For the baselines, we have developed a network with a two-stacked LSTM layers followed by two linear layers. We compared out model with BERT, where uses the ‘bert-base-chinese’ pre-trained model. Each of these two models where trained for 100 epochs, using AdmaW optimiser with the learning rates of 1e-3 and 5e-5, respectively. For WS-VAE-BERT (Chen and Yang, 2021), we followed the source code provided in the paper. For replicating the document level labels, when a segment within the sequence of segments contained a socio-cultural norm, we labeled them 1, otherwise 0. We trained SetFit (Hong et al., 2022) by following the online instructions on their GitHub repository 111https://github.com/huggingface/setfit. Figure 4 shows the variations of our model, which we used in for the ablation study.

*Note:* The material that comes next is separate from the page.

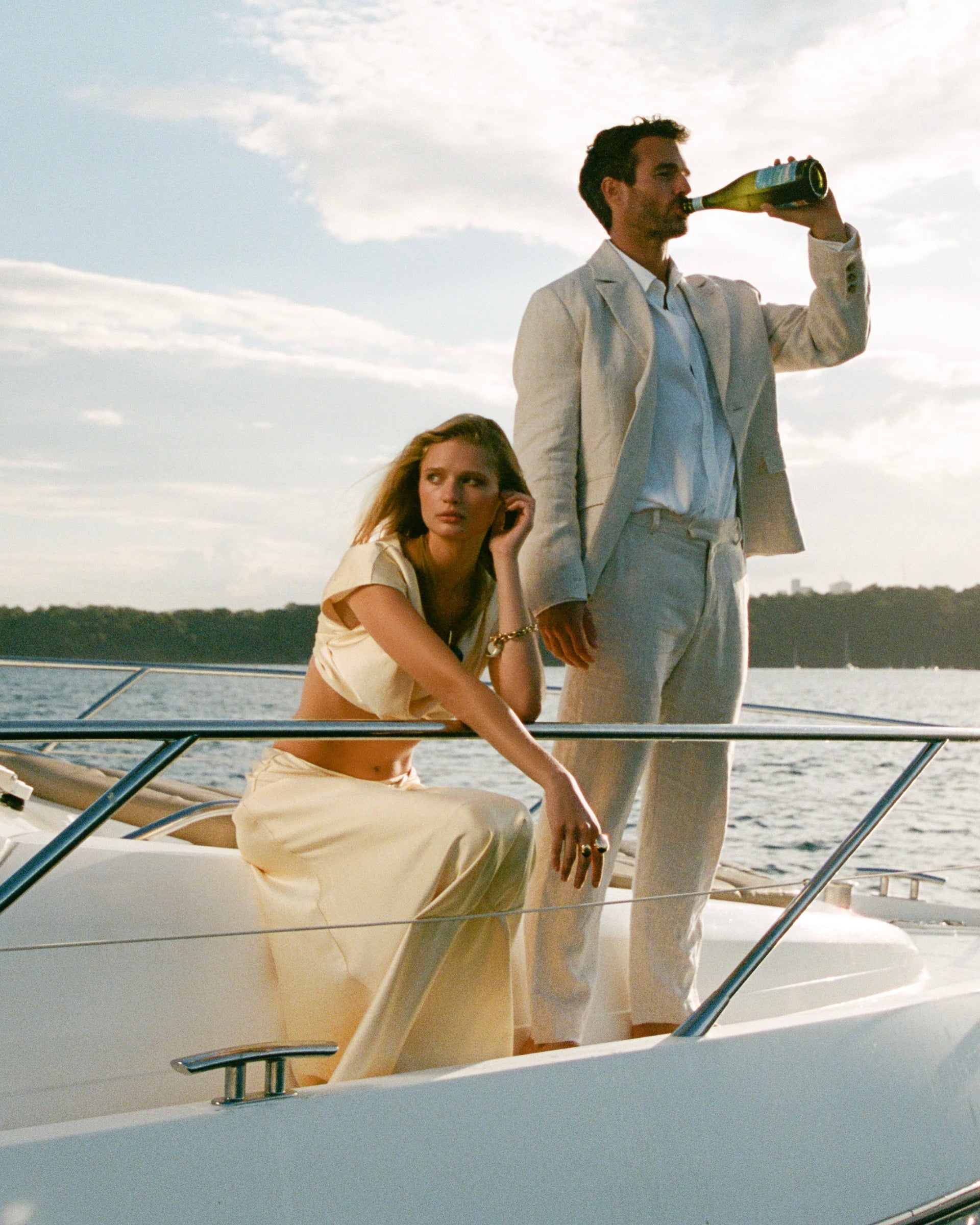 The campaign tells the story of a woman alone on a boat, floating through a sunlit Summer. Though he is near, his presence is distant, a silent companion to her own journey. She moves with confidence and independence, fully immersed in her own path. Together, yet apart. A reminder that true grace is found in owning your solitude and embracing your own journey.
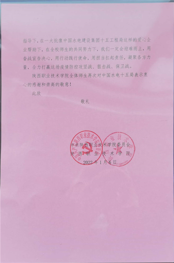 “感謝貴單位在關(guān)鍵時(shí)期雪中送炭,于危急關(guān)頭解囊相助……這是對(duì)陜西省教育系統(tǒng)、特別是陜西職業(yè)技術(shù)學(xué)院疫情防控工作的熱情支援和資助!”

GPT-3 (Brown et al., 2020) was used by incorporating the list of socio-cultural norms into the prompt as well as dialogues, and asking to generate the corresponding label. Our experiments on GPT-3 showed that using random examplars from the training set of LDC2022E20 results in a decrease in the performance. The LDC2022E20 dataset is the copyrighted property of (c) 2022 Trustees of the University of Pennsylvania and has been used for research purposes in CCU program. This dataset was developed to help models to identify socio-cultural norms in courses of dialogues.
In all of our experiments we used a fix random seed, hence all results are reported based on single-run of the models.